Le Dr Moshe Szyf, du Département de pharmacologie et thérapeutique, le Pr Michael Meaney, du Département de neuroscience, et Ian Weaver, diplômé de l'Université McGill, sont les auteurs d'une étude qui sera publiée dans le numéro du 13 février du magazine hebdomadaire Proceedings of the National Academy of Sciences.
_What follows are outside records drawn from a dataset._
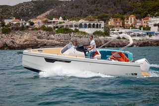 La NUVA M8 no es solo un barco; es un espacio donde tus días se llenan de momentos únicos y tus travesías cobran un nuevo significado. Fabricado en Barcelona con precisión artesanal, combina líneas modernas con un diseño inteligente, adaptándose a cada escapada al mar.
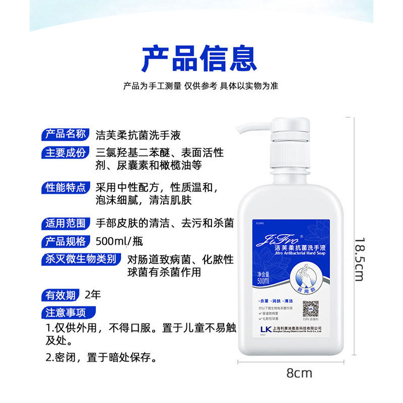 Jiefurou antibacterial hand sanitizer 500ml sterilization mild cleaning decontamination medical grade medical household Shanghai Likang
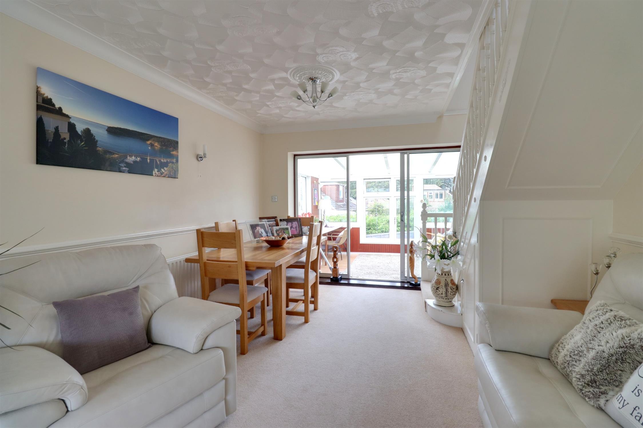 Front aspect double glazed bay window with window seat, radiator, rear aspect double glazed patio doors leading to the conservatory, stairs leading to the first floor.
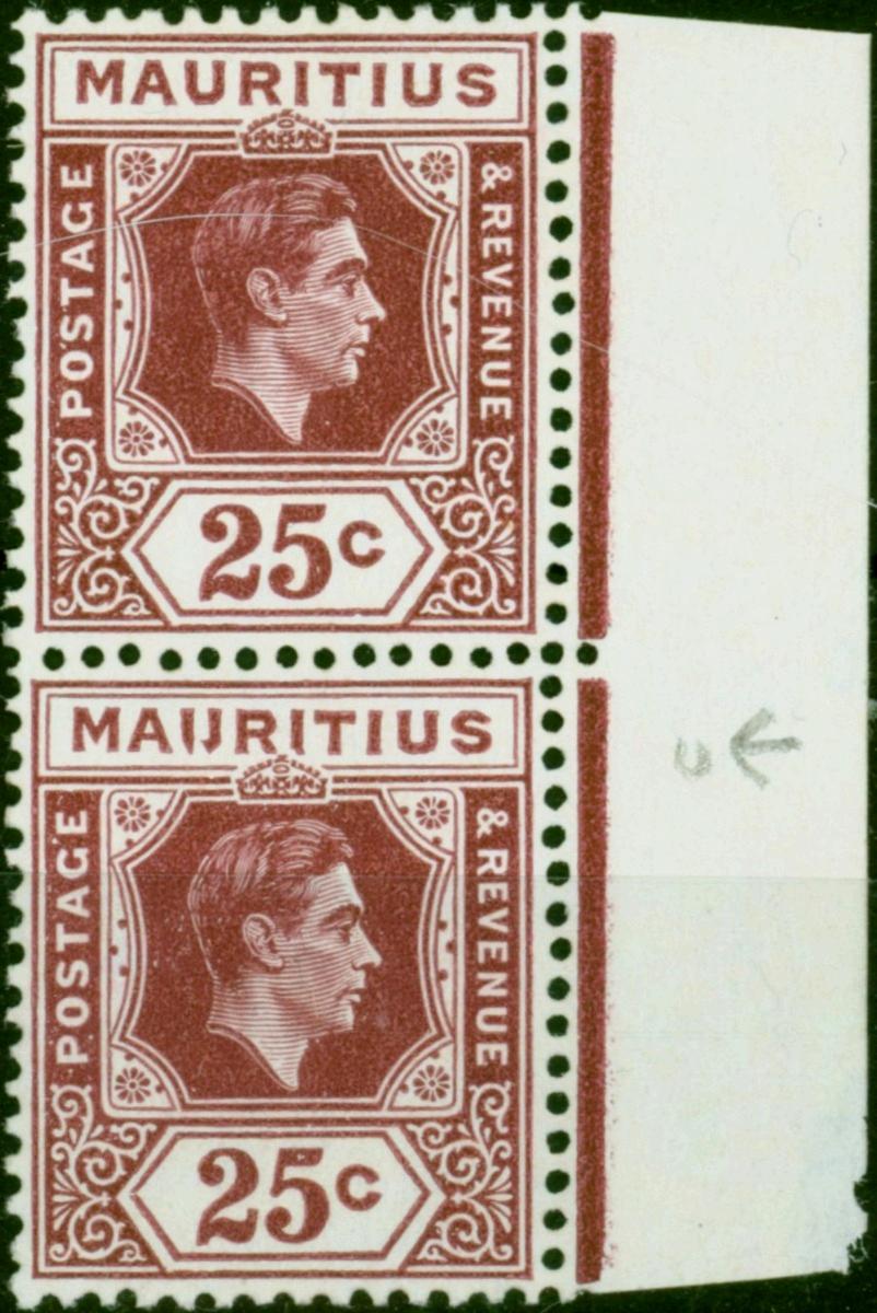 Mauritius 1941 25c Brown-Purple SG259ba 'U Flaw' V.F MNH in Pair
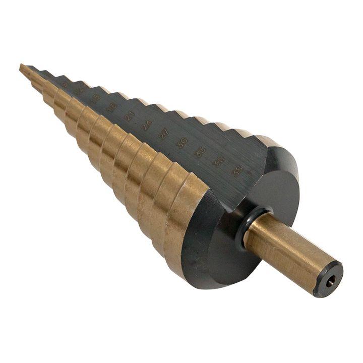 Ступенчатые сверла применяются для быстрого и малошумного сверления отверстий большого диаметра в листовых материалах- металле и пластике с помощью ручных электрических или аккумуляторных инструментов. В электромонтаже удобно применять при сверлении отверстий под сигнальные лампы, тумблеры, сальники и т.п. В ассортименте четный и нечетный ряд для различных видов работ. Изготовлены из быстрорежущей стали, легированные кобальтом для повышения износостойкости. При сверлении отверстия сразу снимается фаска- не требуется дополнительная обработка края отверстия.
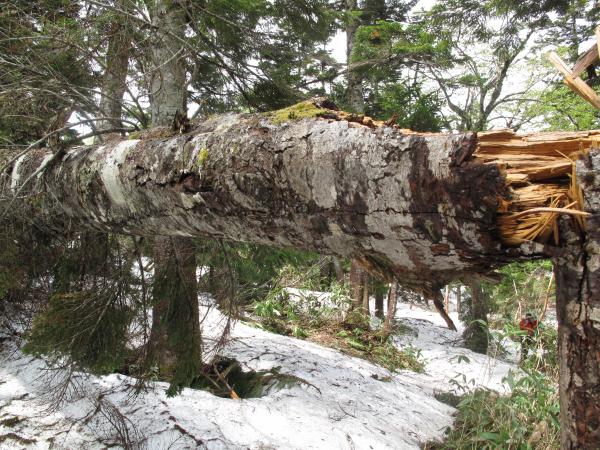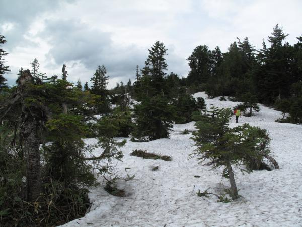 広い尾根道で夏道が埋まっており、ルートが分かりづらいです。
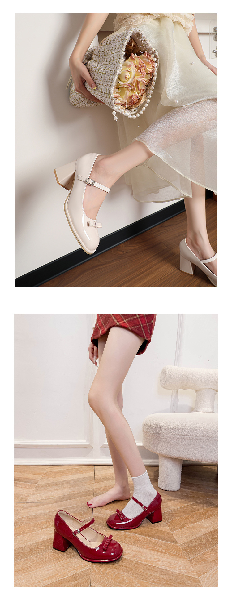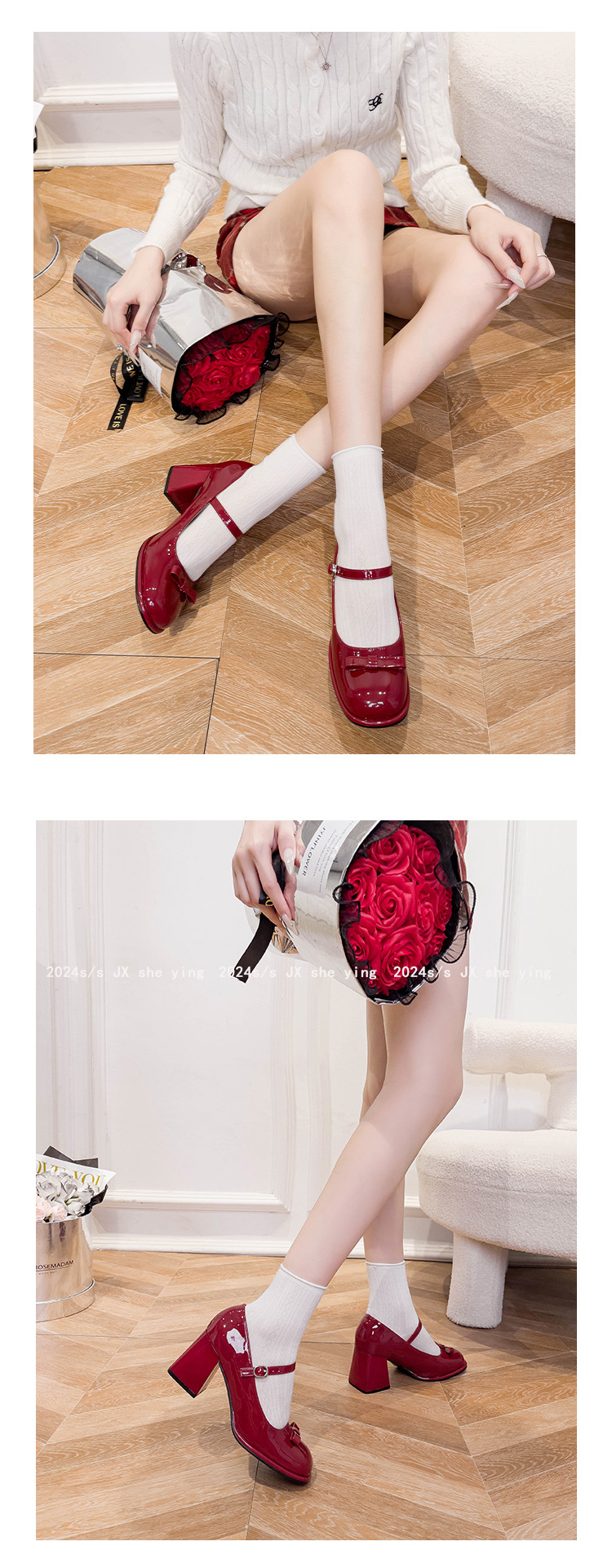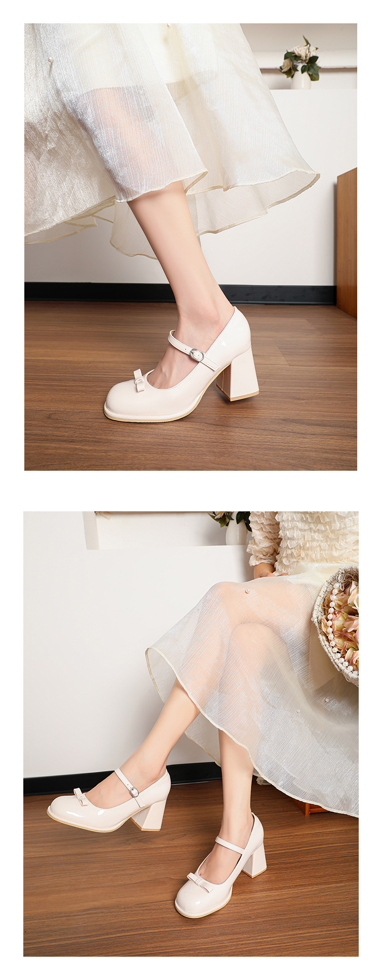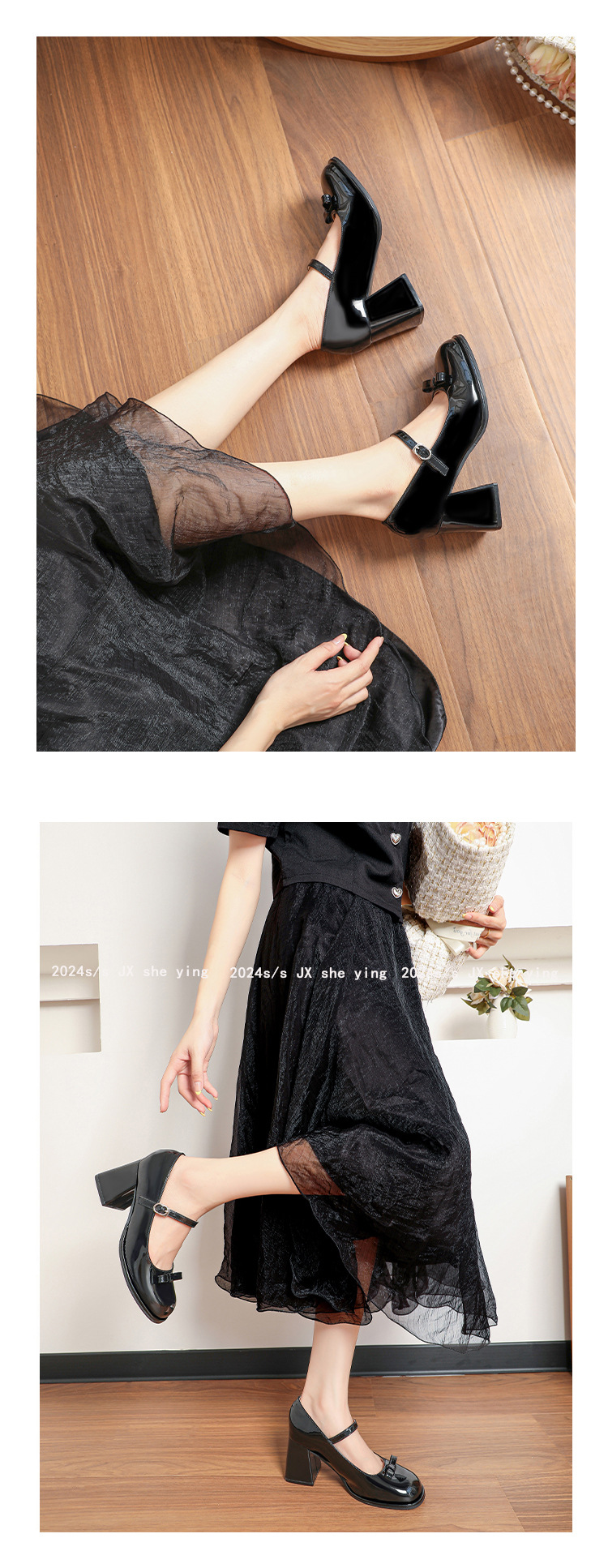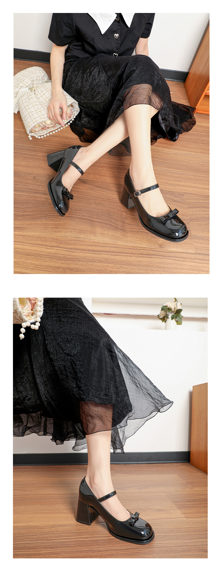 MZ-8 프랑스 메리 제인 신발 달콤한 새 플러스 사이즈 특허 가죽 요정 스타일 두꺼운 뒤꿈치 신발 통통한 발 넓은 발 43 44스토어 가기
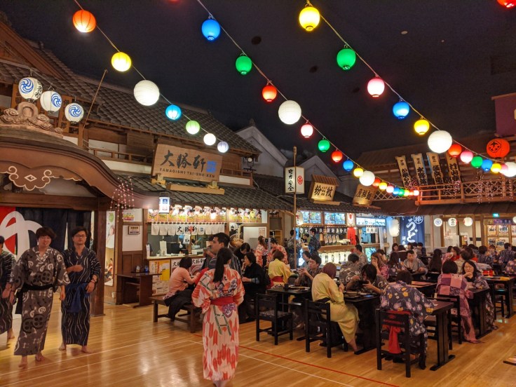 🍙 Oh mais non, attendez ! En fait, ce n’est pas touuut à fait fini : après le shabu-shabu, rien de tel qu’un dernier petit onsen nocturne pour digérer ! Et pas n’importe quel onsen : nous allons à Oedo Onsen, ancré dans un petit village de style ère Edo, dans lequel nous pouvons déambuler en yukata avant d’aller barboter. LE CONCEPT DE GÉNIE.
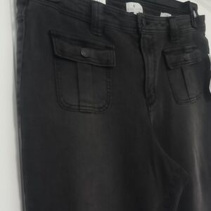 A washed black distressed pair of wide legs jean with flap pockets in front.
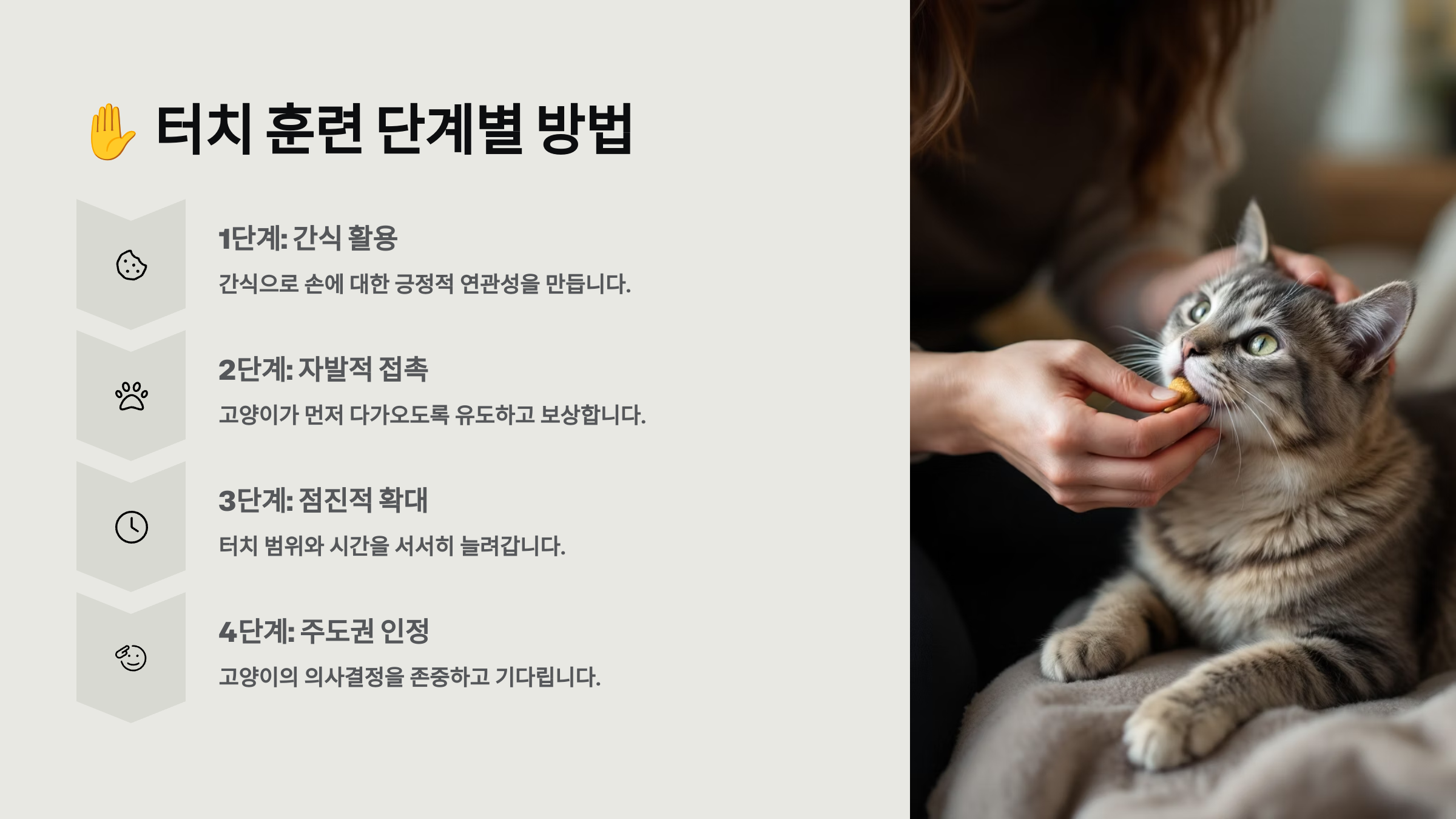 터치 훈련은 단계적이고 점진적인 접근이 핵심이에요. 첫 번째 단계는 간접적인 접촉부터 시작하는 거예요. 직접 손으로 만지기보다는 깃털 장난감이나 긴 막대 끝에 달린 장난감을 이용해서 고양이가 사람의 움직임에 익숙해지도록 도와주세요. 이 과정에서 고양이가 긴장하지 않고 놀이로 인식할 수 있도록 즐거운 분위기를 만드는 것이 중요해요. 고양이가 장난감과의 상호작용에 편안함을 느끼기 시작하면 다음 단계로 넘어갈 준비가 된 거예요.

Le groupe de chercheurs de l'Université McGill a découvert que le comportement maternel de rates auprès de leurs petits entraîne des répercussions permanentes quant à la réponse au stress chez ces derniers, une fois qu'ils sont devenus adultes. Les rejetons de mères attentionnées se révèlent moins craintifs et ont une réponse au stress moins marquée, comparativement aux rejetons de mères moins prévenantes. De plus, le modèle de marquage génomique sur l'ADN diffère d'un groupe de ratons à l'autre. Dans l'étude en cours, les chercheurs mcgillois ont utilisé l'agent pharmacologique trichostatine A (TSA) et l'acide aminé essentiel L-méthionine chez les rejetons adultes afin de modifier le marquage génomique et d'étudier de quelle façon ces agents modifient les conséquences des soins maternels sur la réaction comportementale au stress et à l'expression génétique dans le cerveau.

« Ces découvertes laissent entendre que le fait d'adopter un comportement maternel relativement simple au cours de la petite enfance donne lieu à d'importantes conséquences sur l'expression génétique dans le cerveau des ratons une fois adultes », a souligné le Dr Szyf. Les chercheurs ont découvert au-delà de 900 gènes régulés par le comportement maternel. De ce nombre, plusieurs sont spécifiquement liés au niveau d'attention maternelle.